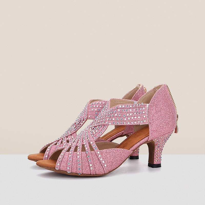 HOT ! Women's Rhinestone Dance Sandals – Glittering Open-Toe Ballroom Shoes with Zipper Closure for Salsa, Latin, and Dance Events
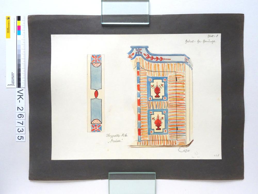 Zeichnung aus der Serie Waldviertler Heimatbilder: "Blatt 8; Gebiet Groß Gerungs, Hypolts Nr. 6 "Preiser", HZN"; Teilansicht eines bemalten Kastens; signiert, kaschiert auf Karton; 338, 35/9
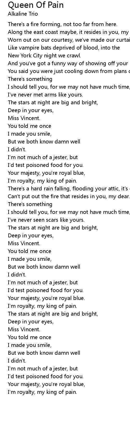 I'm royalty, my king of pain. |
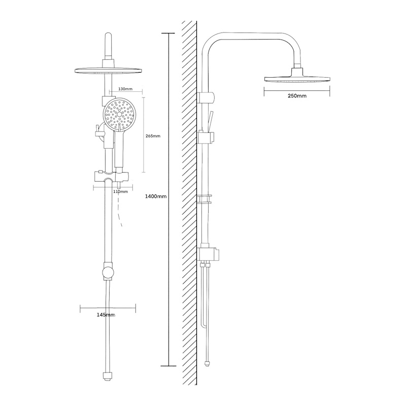 Выдвижная телескопическая стойка(нерж. сталь, цвет хром): высота функциональная 930-1400мм,  диаметр 22мм ,вылет верхнего душа 340мм, держатель лейки плавающий FightFix.
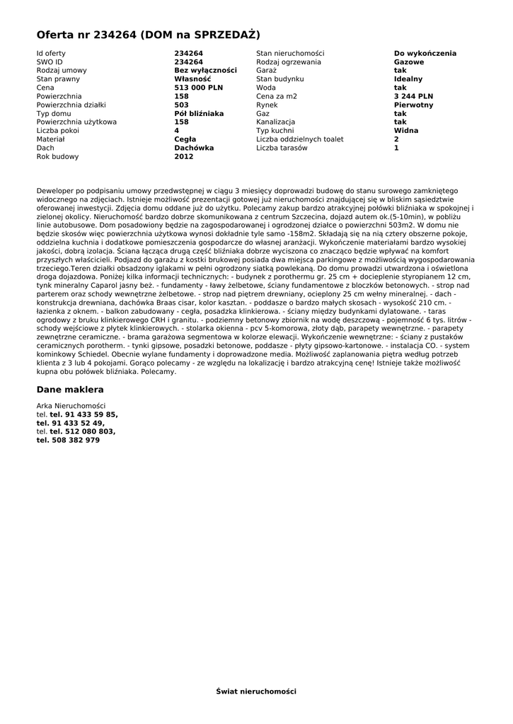 Oferta nr 234264 (DOM na SPRZEDAŻ)
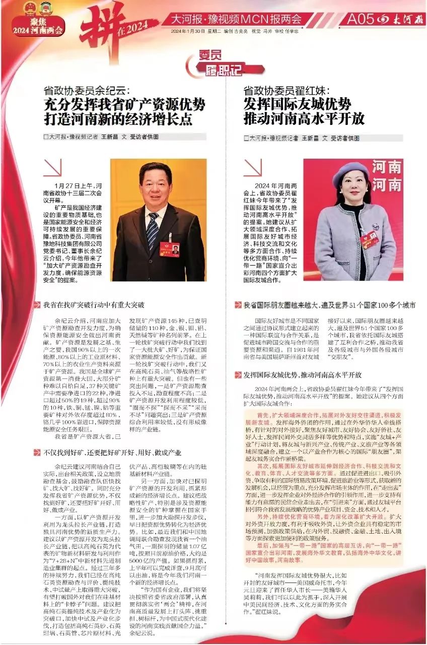 省政协委员余纪云:充分发挥我省矿产资源优势 打造河南新的经济增长点
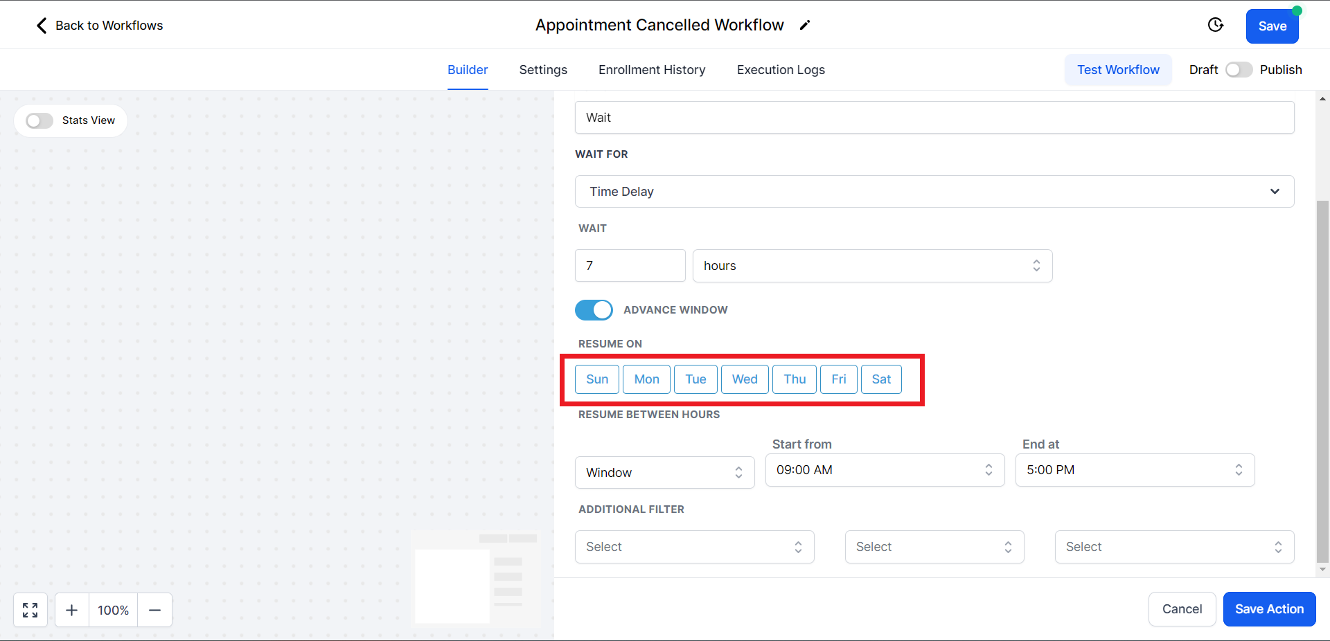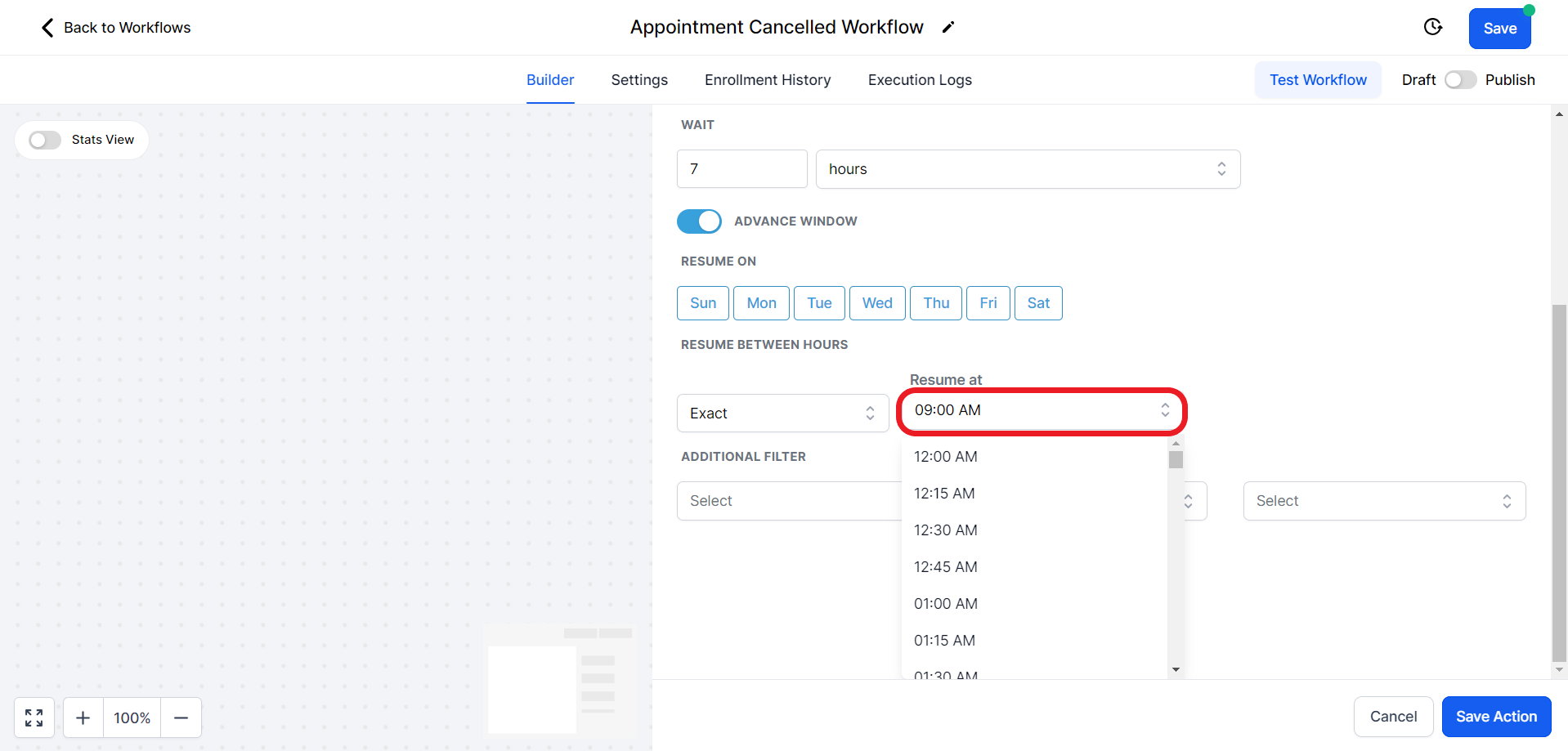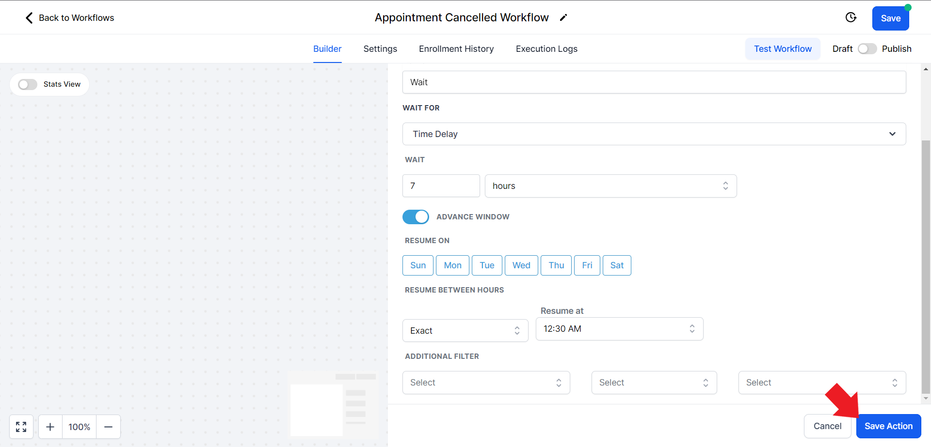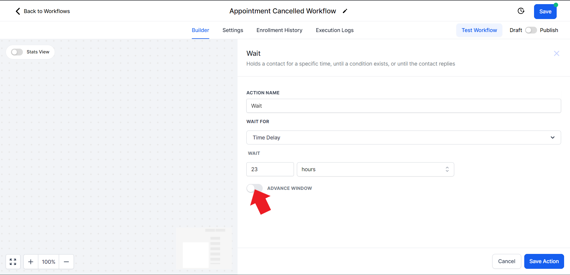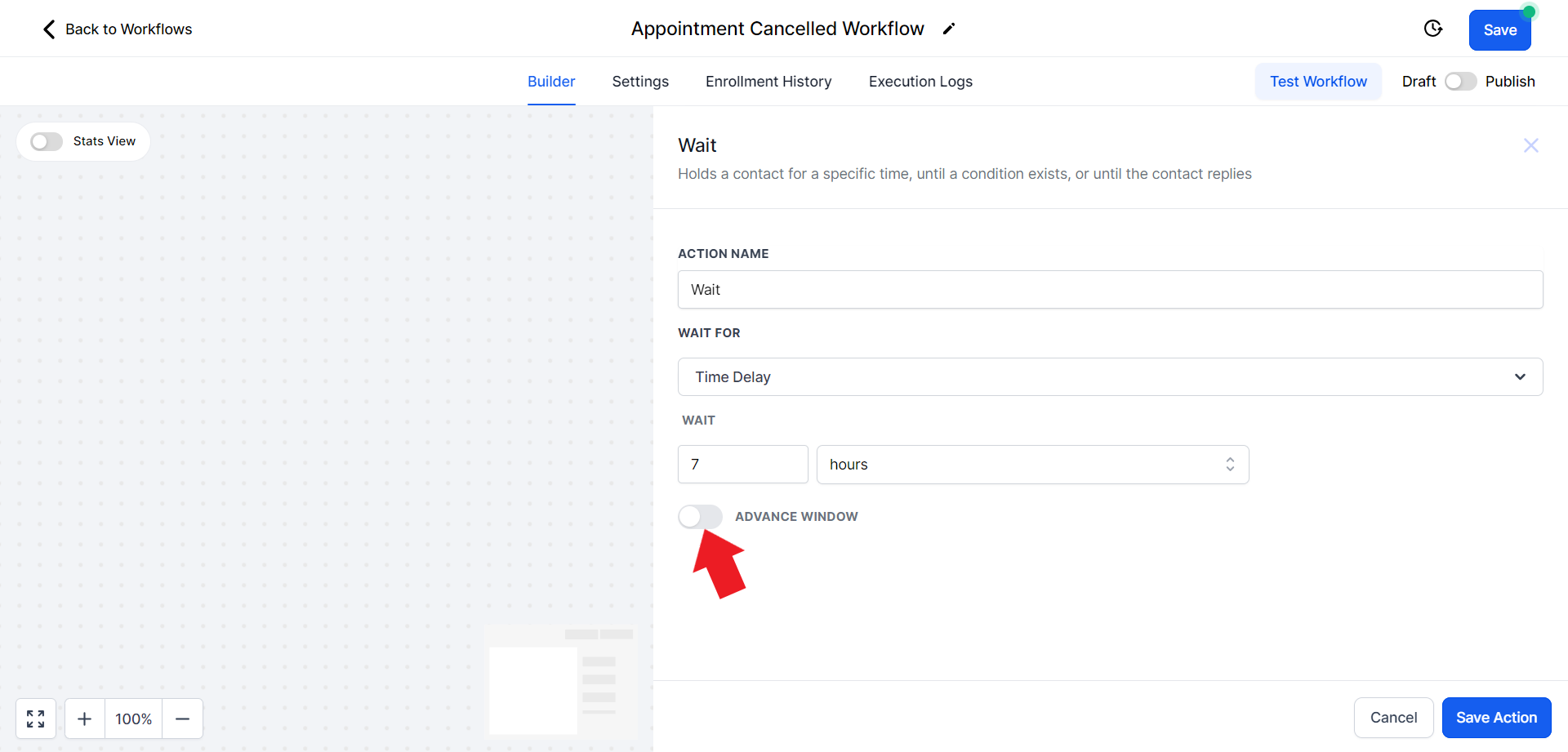 - Click on the "Select Pipeline Stage" field and from the drop-down menu choose the "Appointment Cancelled" option.

▬▬▬▬▬▬

### Required action
Extract all the entries word for word; omit any pictures.

### Solution to this problem
 HOT ! Women's Rhinestone Dance Sandals – Glittering Open-Toe Ballroom Shoes with Zipper Closure for Salsa, Latin, and Dance Events
 Zeichnung aus der Serie Waldviertler Heimatbilder: "Blatt 8; Gebiet Groß Gerungs, Hypolts Nr. 6 "Preiser", HZN"; Teilansicht eines bemalten Kastens; signiert, kaschiert auf Karton; 338, 35/9
 I'm royalty, my king of pain. |
 Выдвижная телескопическая стойка(нерж. сталь, цвет хром): высота функциональная 930-1400мм,  диаметр 22мм ,вылет верхнего душа 340мм, держатель лейки плавающий FightFix.
 Oferta nr 234264 (DOM na SPRZEDAŻ)
 省政协委员余纪云:充分发挥我省矿产资源优势 打造河南新的经济增长点
 - Click on the "Select Pipeline Stage" field and from the drop-down menu choose the "Appointment Cancelled" option.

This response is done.